The XX Factor: What women really think.



  • Why Is Kate Gosselin Our Only Remaining Celebrity?


    Willa, it's amazing that Kate Gosselin—and Kate Gosselin's hair—have graced the cover of US Weekly for the past six weeks. And it's clear that hunger for TomKat news has waned. But I've become increasingly skeptical of economy-driven explanations for shifts in mass culture, and I'm not as sure as you seem to be that this preference for reality-based tabloid fodder is attributable to our... (To read the rest of this post, visit our new website DoubleX.com!)

  • The Opposite of Reality


    We live in an environment where self-branding is a lifestyle choice and self-promotion is confused with achievement. Breaking through the 4th wall (when reality contestants talk to the camera) is not the same as actual contact between player and watcher, however, and does not substitute for honesty or intimacy. When the Octomom had her litter in January, Jess and Noreen wrote about the Gosselin and the Duggar families who became television commodities by inviting reality producers from the Discovery Channel into their reproduction-driven lives. Now I learn from Hanna's post that one reality celebrity husband, Jon Gosselin, has a secret life with a secret friend. I have to say, I can't really blame the guy. Maybe he just wanted some privacy?

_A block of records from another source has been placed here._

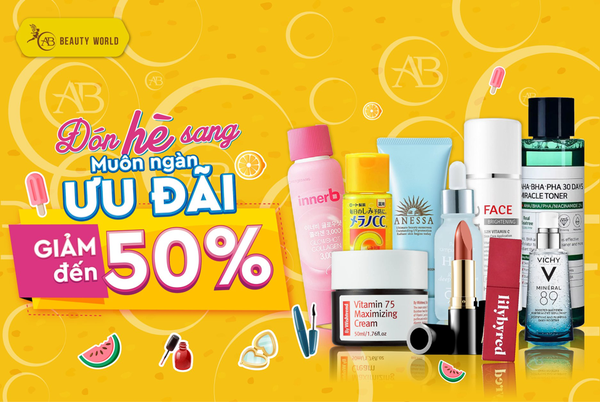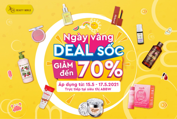 Từ ngày 15-5 đến ngày 17-5 chuỗi siêu thị mỹ phẩm AB Beauty World sôi động với chương trình GIẢM SÂU đến 70%, ngập tràn Deal hời không thể bỏ lỡ. Chỉ từ 5K bạn có thể mua ngay Mặt nạ, sữa rửa mặt, tinh chất dưỡng tóc,… Chỉ từ 42K tha hồ “rinh về” Kem che khuyết điểm, phấn má, phấn mắt, son dưỡng môi...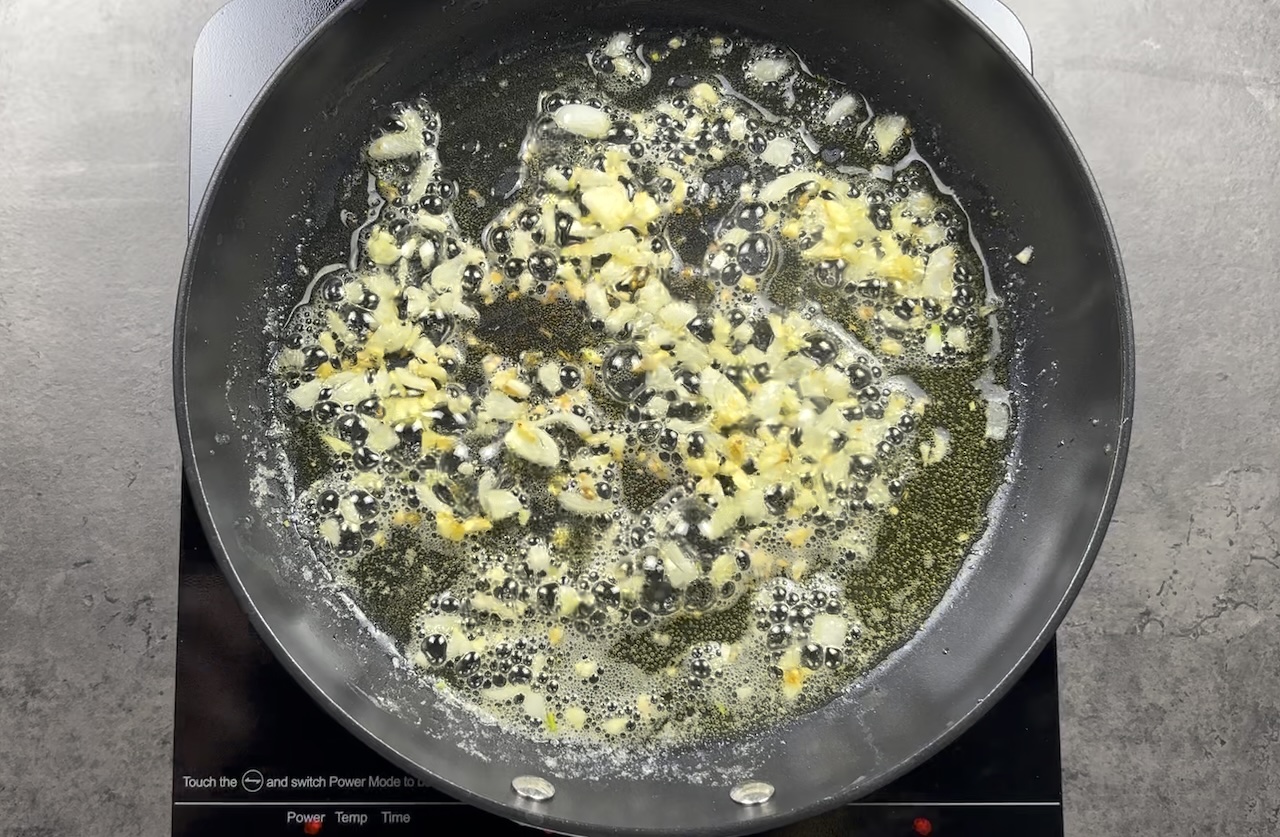 Start by preparing the sauce. Heat the butter and olive oil in a large skillet over medium heat. Add the chopped onion and minced garlic, and sauté for 3-4 minutes until softened and fragrant.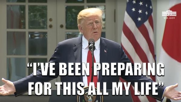 Axios has another story about how Trump spends executive time with "The Book" -- not the Bible, which he still ignores, but his briefing book. Staffers reportedly need to include lots of happy-time news stories and Fox chyrons about winning.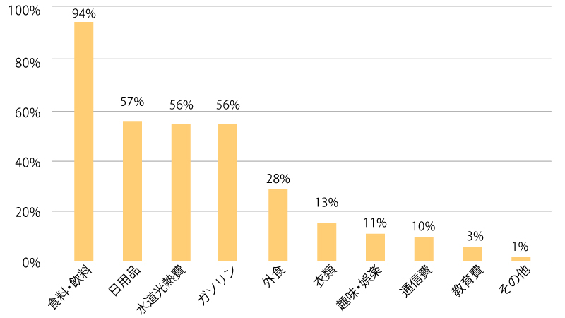 その他にも「日用品」、「水道光熱費」、「ガソリン」が50%を超える結果となっています。
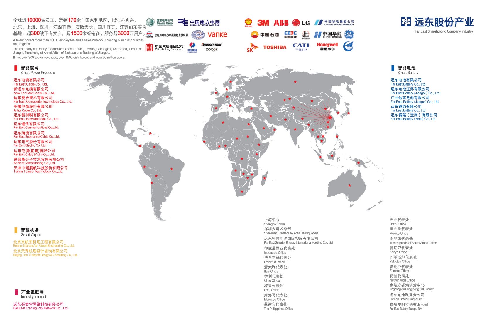 远东股份的伙伴遍及全球,“一握远东手,永远是朋友”感染着每一个客户,为公司赢得了广泛赞誉。从戈壁沙漠到雪域高原,从碧海晴天到草甸金秋,远东股份已架设起通达天下的网络。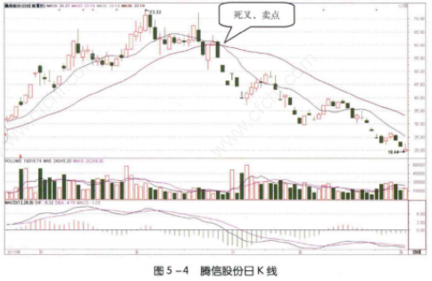 如图5-4所示,2015 年6月26日,腾信股份(300392) 股价见顶下跌时,其10日均线自上向下跌破了30日均线,形成死叉形态。这样的形态说明该股10日内的平均股价已经低于30日内的平均股价,股价处于下跌的行情中。未来这种下跌行情将会继续下去。看到这样的形态,投资者应该尽快卖出股票。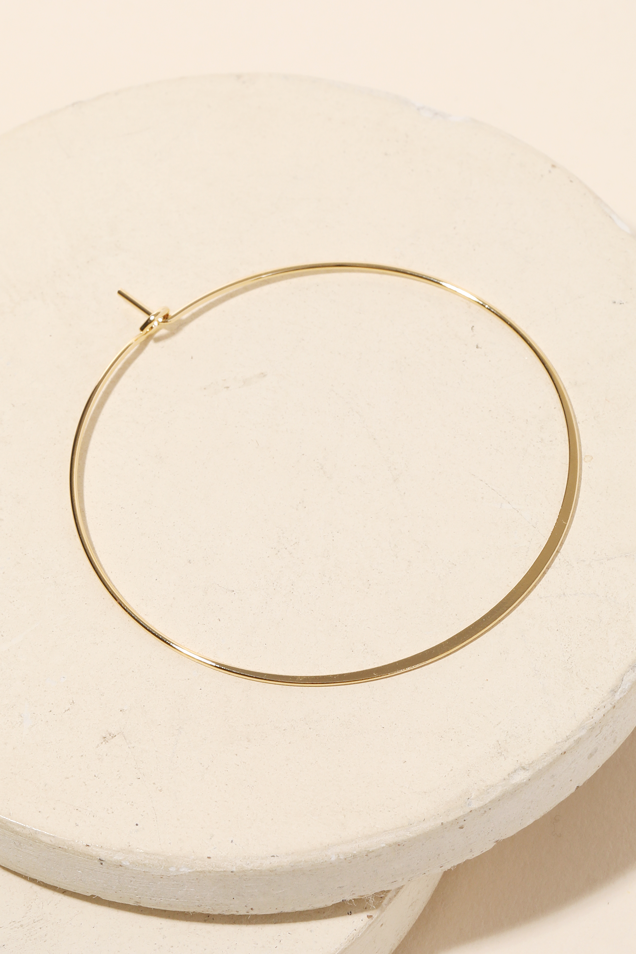 A simply stunning in season must have pair of hoop earrings is made into a thin metallic hoop earrings design. Adds a chic touch to any outfit! Available in G and S. This item is sold in packs of 1.

    I sometimes wonder about living our private life in public. Since my husband, my daughter, and I are each involved in different aspects of the media, at times when our home life is particularly surreal, I can imagine us inspiring a sitcom. But my family's imaginary TV series would be more like a small-cast version of the ABC series of 30 years ago, Eight is Enough. In that now-quaint series, the family of newspaper columnist and former CIA agent Tom Braden was fictionalized, their identity was disguised and the eight actual Braden children kept their relative obscurity.   

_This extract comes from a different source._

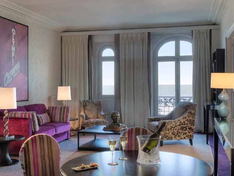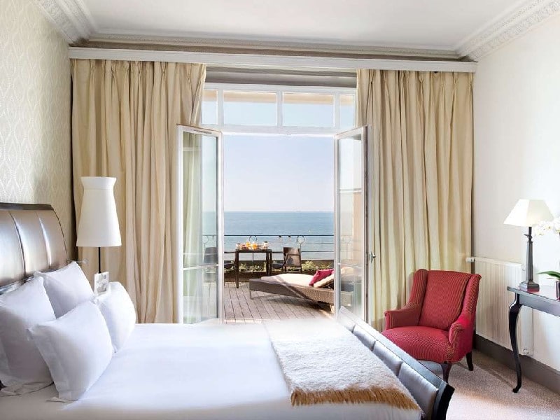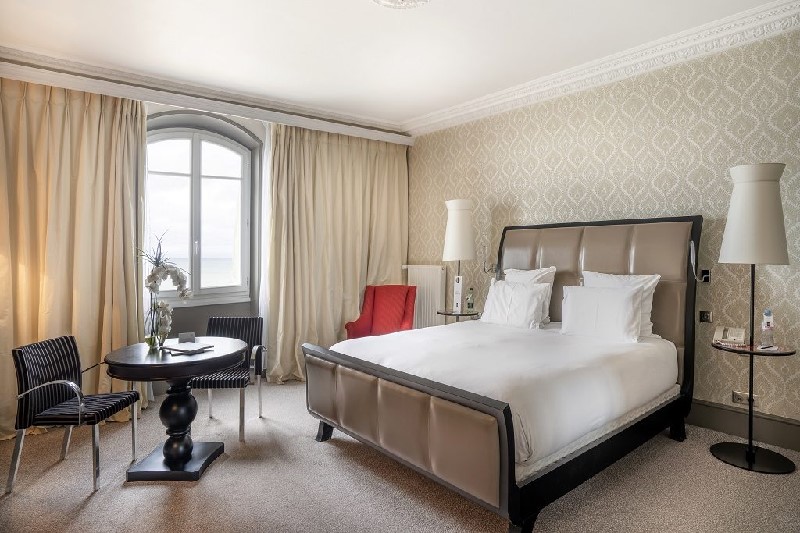 Chambre et terrasse du Grand Hôtel Cabourg vue sur mer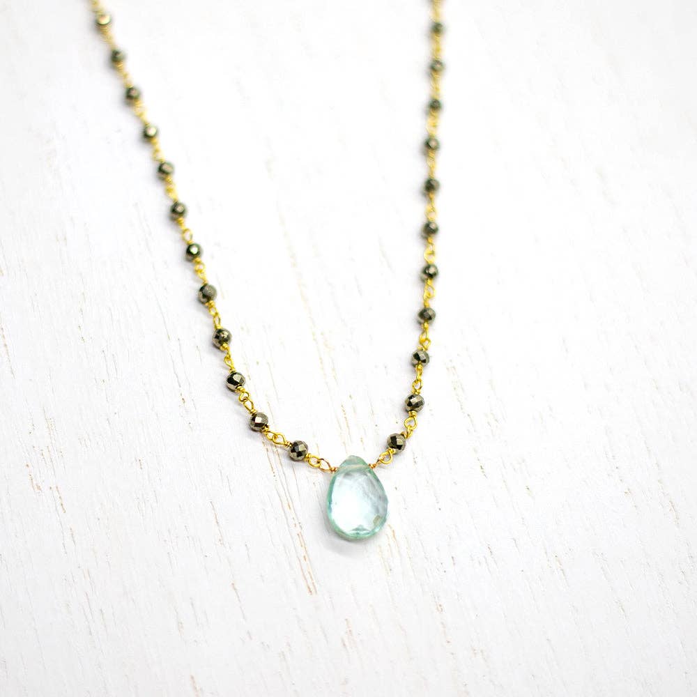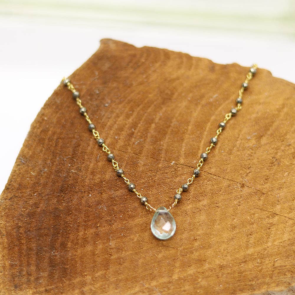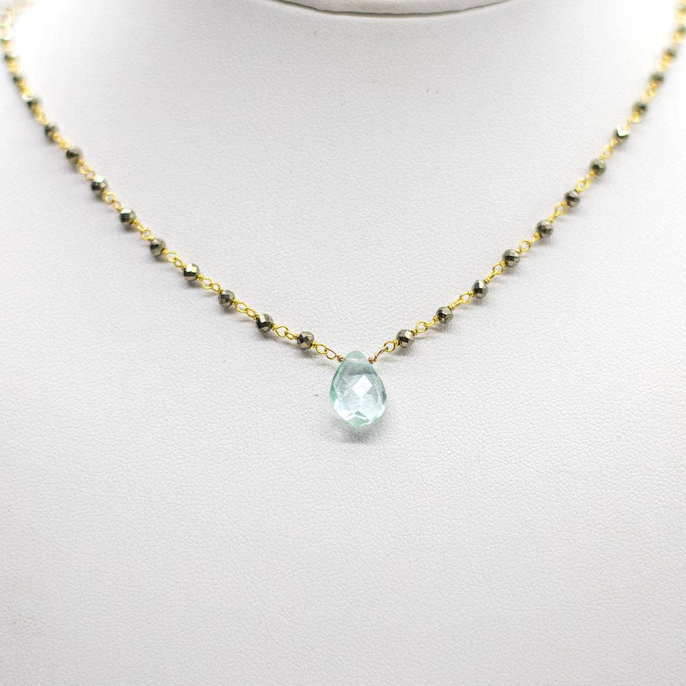 Unsere wunderschöne Wasserfall-Halskette besteht aus einem zarten Aquamarinstein in Tropfenform auf einer Pyrit-Perlenkette.

    Like Hanna, I cringe at the level of self-exposure necessary to tear down the 4th wall in the manner of that "family of renovators" featured in the New York Times article "Branding the Family." Bravo, the cable network that brings us Real Housewives of New York City and other urban locations, bets the exploited exploits of the Novogratzes, another multi-offspring family, will be riveting to audiences because, as the series executive producer told the Times, "audiences are craving authenticity." I doubt they'll get it watching Bravo. Real reality happens without cameras, inside the four walls of our own lives, fueled by truly unscripted, unedited, conversations. It is sometimes uncomfortable and usually, in our case at least, decidedly unphotogenic. Though, it may be exciting to imagine a life in front of an audience, genuine people tempted by reality-shattering reality cameras should follow the advice of fray poster ScrewJack2008, and run for their lives.